セットバックとは?中古住宅や土地を購入する時に注意すべきポイント
都市計画税の納税方法
ここでは、都市計画税の納税方法と支払い方法について解説します。
固定資産税と一緒に支払う
固定資産税の通知と一緒に都市計画税の納税通知書が送付されるため、都市計画税は、固定資産税と合わせて納税します。
一括払いと分割払いを選択可能です。ここでは、静岡市の納付時期を参考に、分割払いのスケジュールを確認しましょう。
毎年4月に納税通知書が発送されます。
4月:第1期分納付
7月:第2期分納付
12月:第3期分納付
翌年2月:第4期分納付
支払い方法について
支払い方法は各自治体によって異なります。ここでは、代表的な支払い方法を掲載します。自分にあった方法を選びましょう。
- 金融機関やコンビニエンスストアでの現金支払い
- 口座振替
- クレジットカード
- Pay-easy(ペイジー)収納
- eLTAX電子納税
- スマートフォン決済アプリ
また、納税が遅れてしまうと延滞税が発生することもあります。例えば、静岡県では、延滞税の原則を下記のようにしています。
【引用】延滞金・加算金-静岡県
- 『納期限の翌日~1か月を経過する日…年7.3%(100円につき日歩2銭)
- 納期限から1か月を経過した日~納税の日…年14.6%(100円につき日歩4銭)

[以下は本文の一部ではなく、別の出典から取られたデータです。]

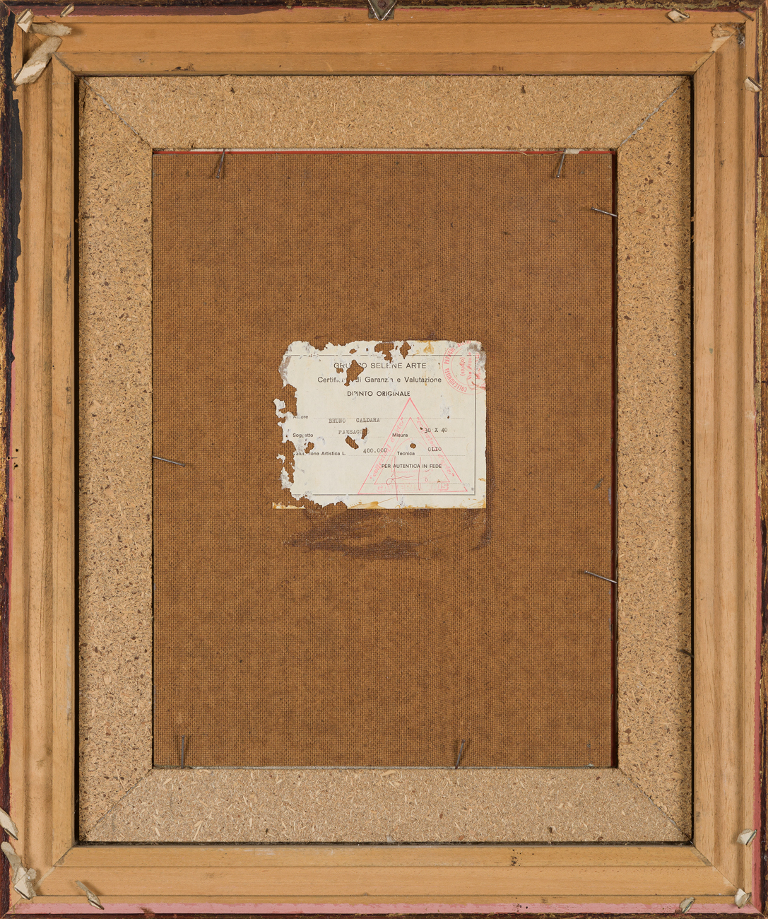 Etichetta del Gruppo Selene Arte e timbri della Collezione Benito Papagni (MI) e della Galleria Tris al retro

- 法人の県民税及び事業税について、納期限の延長があった場合の本来の納期限の翌日~延長された納期限…年7.3%(100円につき日歩2銭)』
不要な税金の支払いを避けるためにも、税金の納付期限は把握しておきましょう。
まとめ
都市計画区域内にある不動産に対して課せられる税金、都市計画税について紹介しました。
所有する不動産の場所によって税が課される場合、課されない場合があるため、税負担を重視する方は物件資料や行政情報をよく確認しましょう。
都市計画税を収める対象の場合も、土地の減額措置適用や非課税措置で税負担を軽くする方法も参考にしてください。